Given his interest in the arts and his already impressive and growing collection, Ludington was instrumental in the formation of the Santa Barbara Museum of Art. After the old post office was purchased from the Federal Government, the Museum Association was formed in 1940 where Ludington was part of the building committee, responsible for hiring the renowned Chicago architect, David Adler, to remodel the post office into a museum. As a memorial to his father, Ludington donated funds to convert the original lobby of the post office into a sculpture court of classical Roman and Greek pieces, The Charles Henry Ludington Court. Ludington also served as the museum's first vice president, a position he shared with fellow philanthropist Katharine McCormick. After his service in World War II teaching camouflage painting to the troops, Ludington continued to take on leadership roles at the museum, first commissioning de Forest to redesign the landscaping, and later becoming the institution's president in 1951. After the untimely death of the museum's first director, Donald Bear, Ludington hired one of the first woman art museum directors in the country, Ala Story. Throughout his 50-year involvement with the museum as a donor, board member, and president, Ludington donated nearly 400 objects to the museum's permanent collection.

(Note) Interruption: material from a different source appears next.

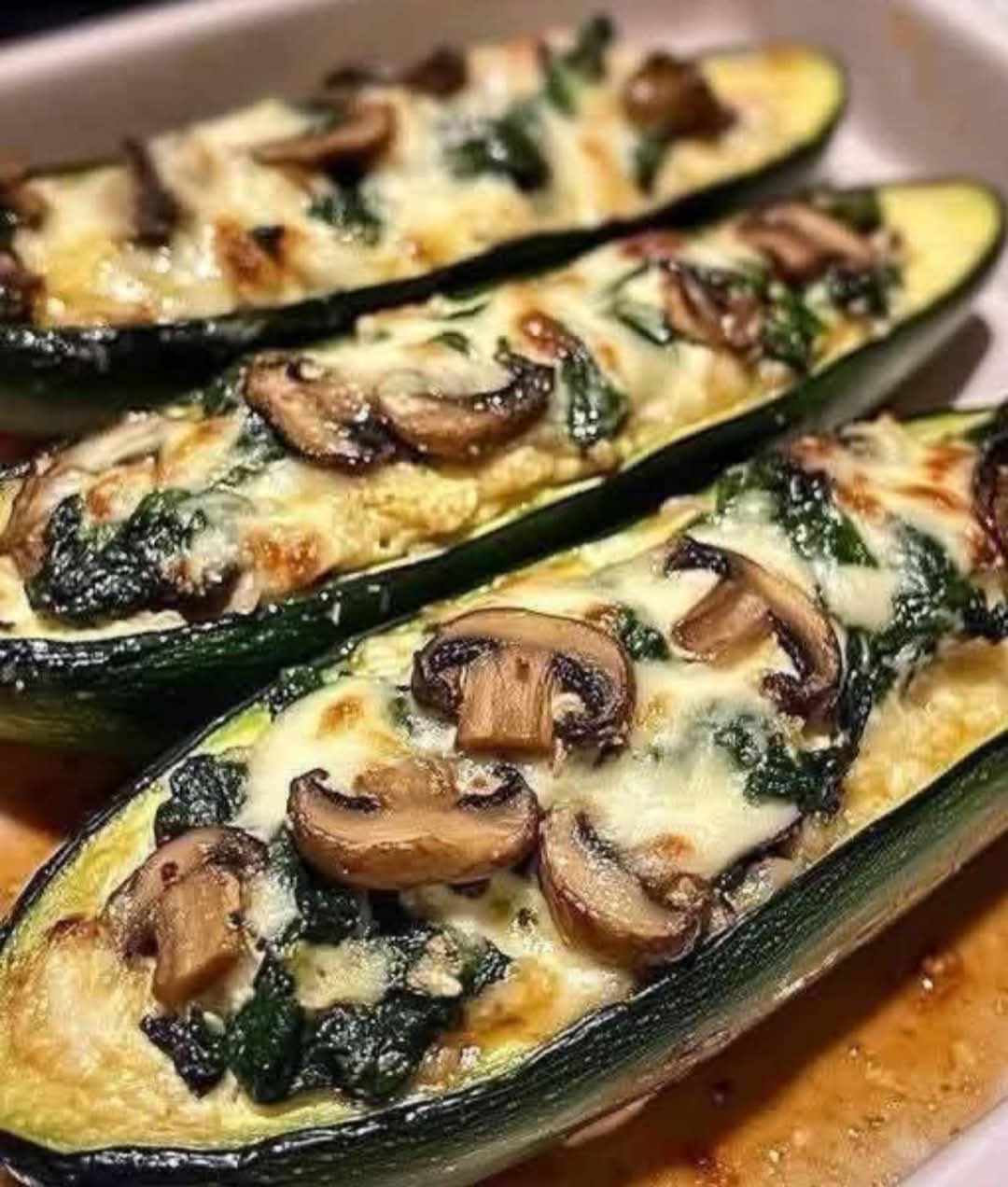 Spinach, Mushroom, and Ricotta Stuffed Zucchini Boats

Among Ludington's vibrant social circle in Santa Barbara was actress Judith Anderson, with whom he was quite close and often socialized along with Ala Story and her partner Margaret Mallory.

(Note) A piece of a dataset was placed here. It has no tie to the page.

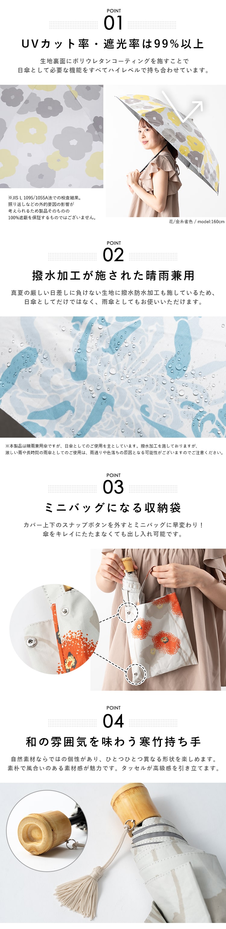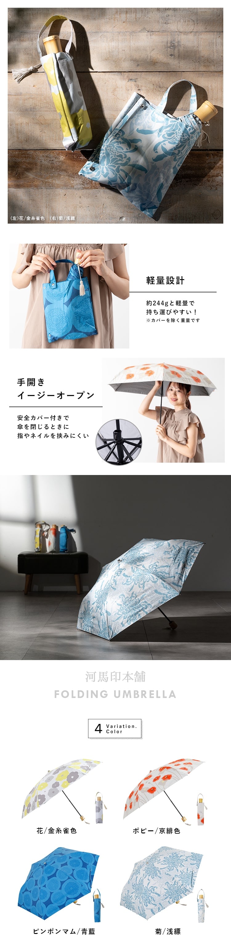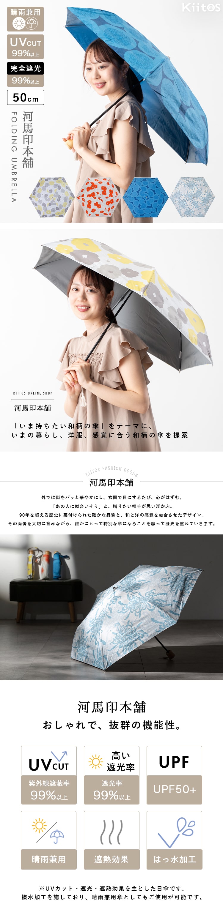 日傘 折りたたみ 軽量 50cm 遮光99% UV 晴雨兼用 ブランド 河馬印本舗 和柄 綿 ポーチ付き 遮熱 撥水 upf50+ おしゃれ 6本骨  花/金糸雀色

Ludington hired architect Lutah Maria Riggs to further remodel Val Verde in 1952, and when that was finished, kept her on to design his second home in Montecito, which he named Hesperides, and later engaged her to design his third home in the area, October Hill, in the 1970s.

UCLA staged a major exhibition of Ludington's collection in 1964, which art critic Henry J. Seldis credited with bringing Ludington's philanthropy and collecting activity to the attention of a wider audience. Hollywood costume designer Orry-Kelly frequently stayed at Ludington's home with screenwriter John Colton in the 1940s; in his memoir, Kelly remarked that at the time, Ludington and former Harper's Bazaar Paris editor Louise Macy "had a crush on each other," but other sources either allude to or explicitly state that Ludington was homosexual.

By 1975, Ludington was increasingly reclusive; an article in Travel & Leisure magazine by Brian Moore highlighted the importance of his collection but noted that Ludington was "a reticent man" who "shuns interviews."